:: Collected material ::

──────

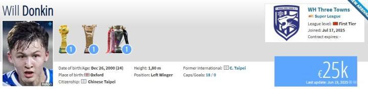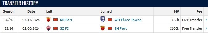 北京时间7月17日,德转更新,上海海港的中国台北前锋沈子贵自由身加盟武汉三镇。
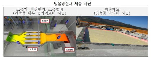 방음·방진재는 아파트 등 건축물에서 소음과 진동 완화, 배관 연결과 내진 설비 등에 사용되는 건설 자재다. 건축물 외부에 설치되는 방음 박스는 물론, 건축물 내부에 설치되는 소음기, 바닥에 놓는 방진매트 등으로 그 영역이 다양하고, 핵심 자재인 만큼 관련 비용은 건축물의 분양 대금에도 영향을 준다.
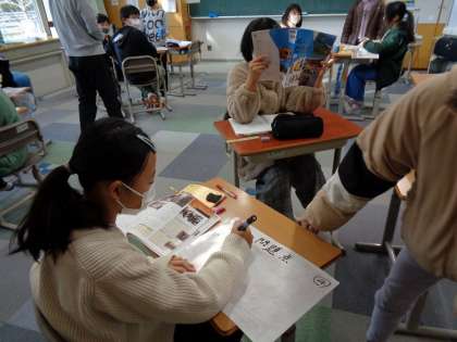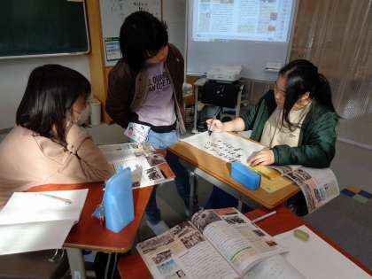 民主主義について、グループごとに考えをまとめていました。

──────

:: Task directions ::
Output each line above exactly. Skip the images.

:: Solved exercise ::
 北京时间7月17日,德转更新,上海海港的中国台北前锋沈子贵自由身加盟武汉三镇。
 방음·방진재는 아파트 등 건축물에서 소음과 진동 완화, 배관 연결과 내진 설비 등에 사용되는 건설 자재다. 건축물 외부에 설치되는 방음 박스는 물론, 건축물 내부에 설치되는 소음기, 바닥에 놓는 방진매트 등으로 그 영역이 다양하고, 핵심 자재인 만큼 관련 비용은 건축물의 분양 대금에도 영향을 준다.
 民主主義について、グループごとに考えをまとめていました。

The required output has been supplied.